Then again, perhaps I ask for too much. I hate to ask for people to get along and end up like everyone else who ever mentioned it to a reasonably-sized group of people.

9/18/2009

One More Reason

Filed under: — lana @ 10:40 pm

I keep a running list. On the left side are the Pros, the reasons to stay in the Army. Mostly it tends to involve things like “pays the mortgage.” The right side are the Cons, the reasons to get out and never, ever look back. Let us check an example or two, shall we?

Today was my best friend’s wedding. It was in Northern Virginia. I am told it was lovely and fun and everyone had a fantastic time. Though, see, I wouldn’t know: the military kept me in Arizona.

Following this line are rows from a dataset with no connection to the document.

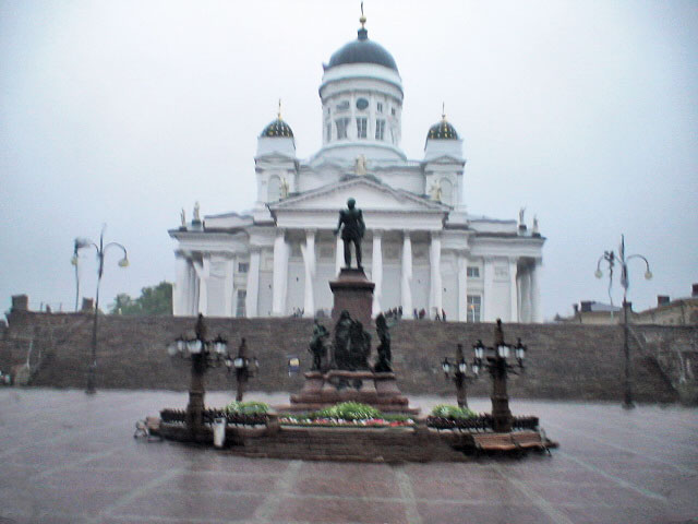 The statue of Tsar Alexander II in front of the Cathedral on a wet afternoon. He was beloved by the Finns because he had let them be themselves.
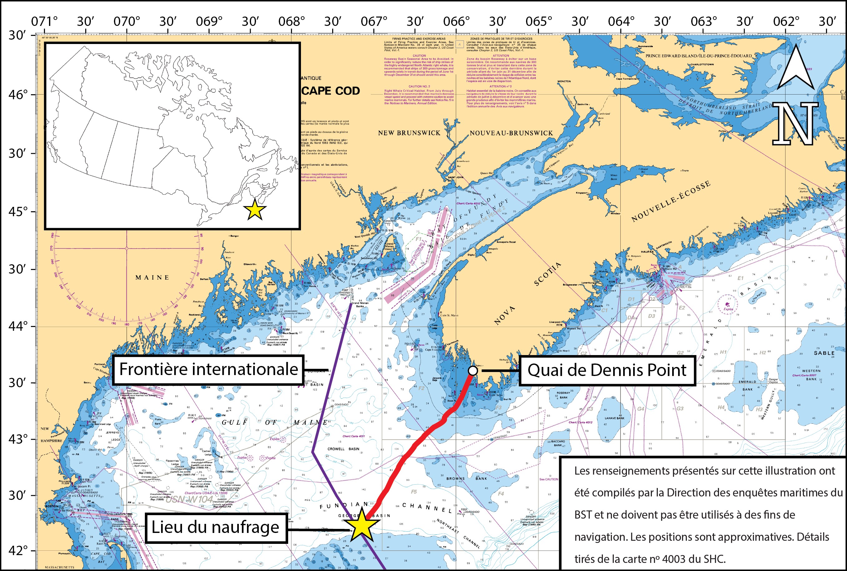 Le 12 décembre 2018, vers 18 hNote de bas de page 2, l’Atlantic Sapphire a quitté le quai de Dennis Point, à Pubnico-Ouest-le-bas (Nouvelle-Écosse). Le navire se dirigeait vers le banc de Georges, qui était à une distance de 105 milles marins (NM), pour pêcher l’aiglefin au chalut (figure 5). L’équipage était composé du capitaine, d’un officier de pont et d’un matelot de pont. Le navire, chargé de 12 longues tonnes de glace, est arrivé au banc à 7 h le 13 décembre et a commencé à chaluter.
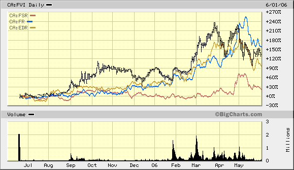 I like Peru. It’s a friendly country with a GDP per capita that is 1/10th of Canada’s and a lot of room for growth. With metal exports driving Peru’s ballooning annual trade surplus (likely to top $5 billion in 2006 which would be outstanding for a $70 billion economy), I see Peru as a country that is moving forward. While I am not an expert in local politics, I think eventually the surplus wealth from mineral exports will benefit the local communities through infrastructure development such as housing, transportation, and communications. Ultimately, only time will answer the question, but I am in the optimistic camp.
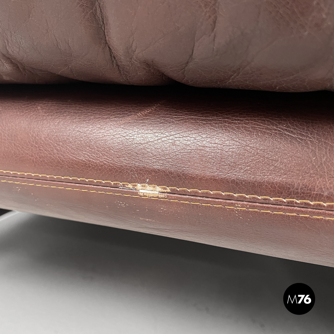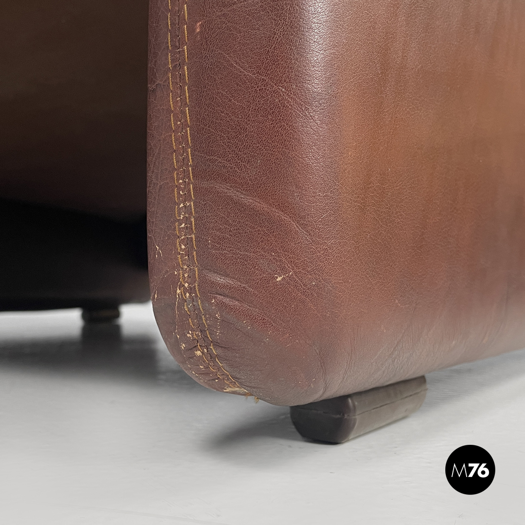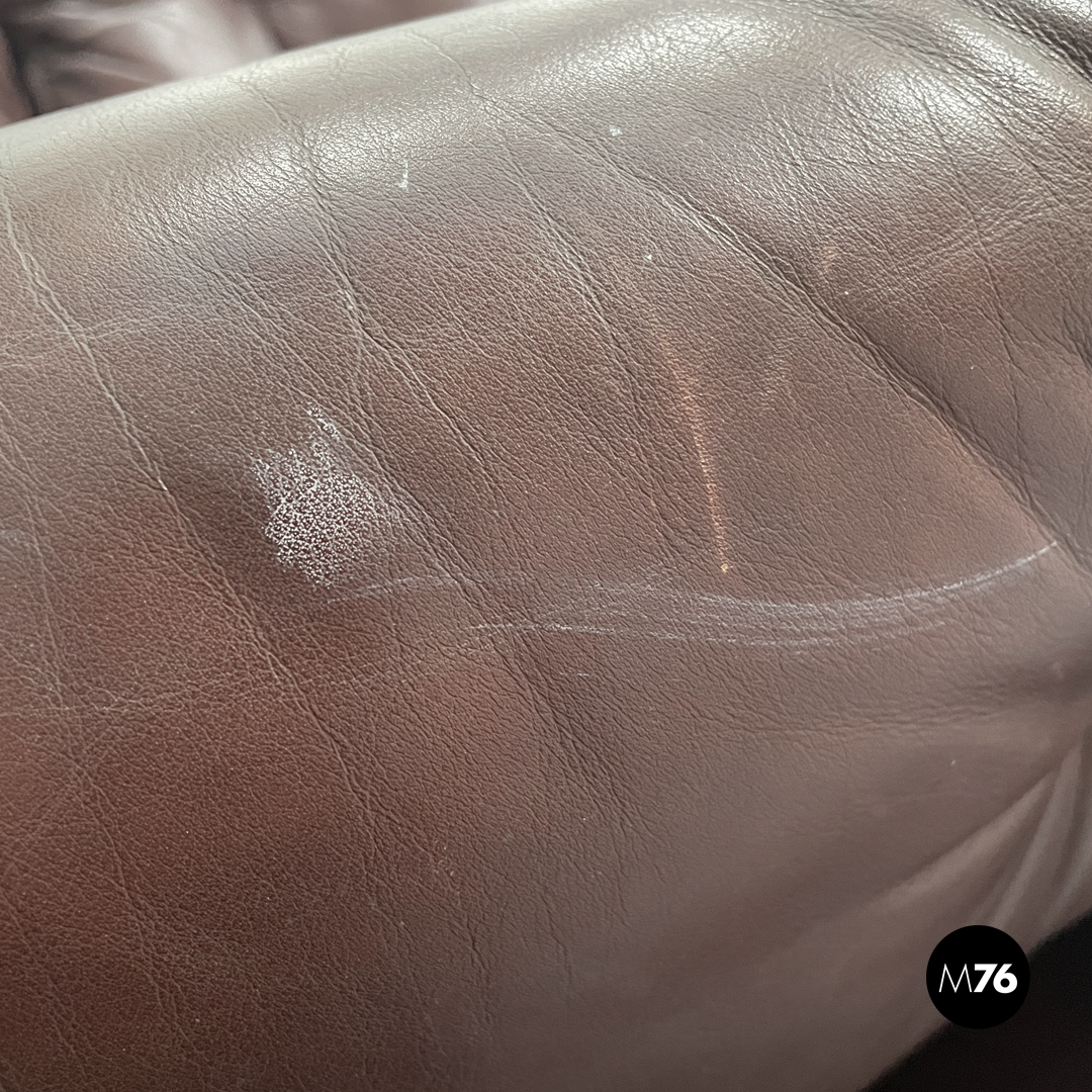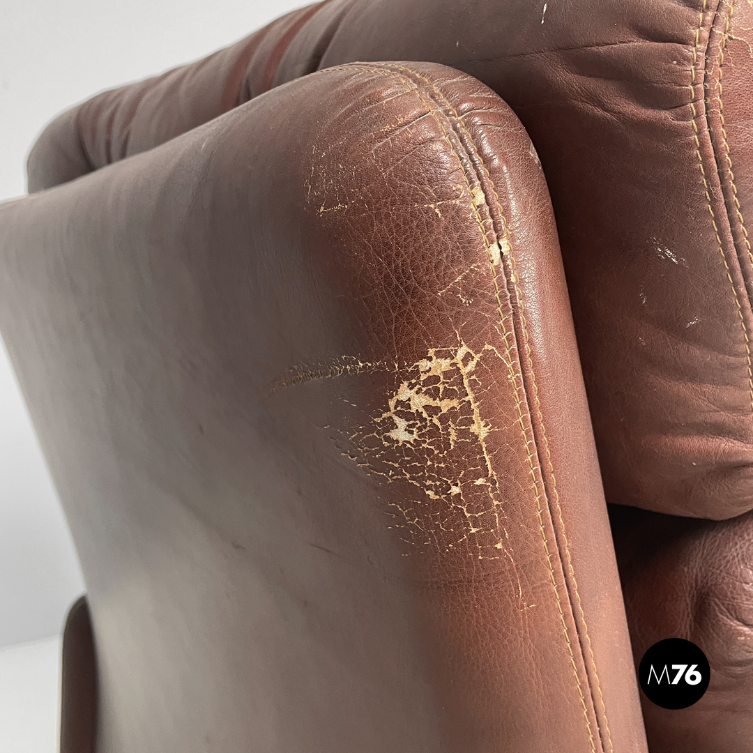 Coppia di poltrone modello Coronado in pelle marrone con schienale alto. La seduta i braccioli e lo schienale hanno linee curve e morbide con bottoni. La struttura esterna della seduta è rigida e anch’essa rivestita in pelle. Presenta quattro piedini cilindrici in plastica marrone.

I am in the middle of an exercise. Because it is an exercise where you schedule the timing for the tests, I could have gotten away with having nothing on Friday, the day of the wedding. I could have hopped in my car, driven north, gotten on a plane, flown east, taxied to the hotel, gotten changed, gone to the wedding, eventually gotten back on a plane, and would have arrived safe and sound for further testing on Monday.

This past Monday was scheduling day. I had discussed my plan with my head instructor, she said to give it a shot. I am doing very well in the class, so why not? I put together the schedule. A little work and a little bargaining and Friday was clear. I told my head instructor. She went over to check with the Senior Course Non-Commissioned Officer. He is a Marine, but he smiles sometimes. I have caught him. He can’t fool me.

He told her if it were up to him, sure, no problem, but it has to get past the school Sergeant Major because it is still a training day even though I can set my training pace during the exercise. He was told “No” before he even picked up the phone. The Sergeant Major wanted no words: a policy was out that military could not leave the area on a training day without having completed at least part of the day with the exception of emergency leave. Civilians taking the course, as roughly half the course is? No problem. But military is being paid to be in Arizona, so the military must be in Arizona and be trained.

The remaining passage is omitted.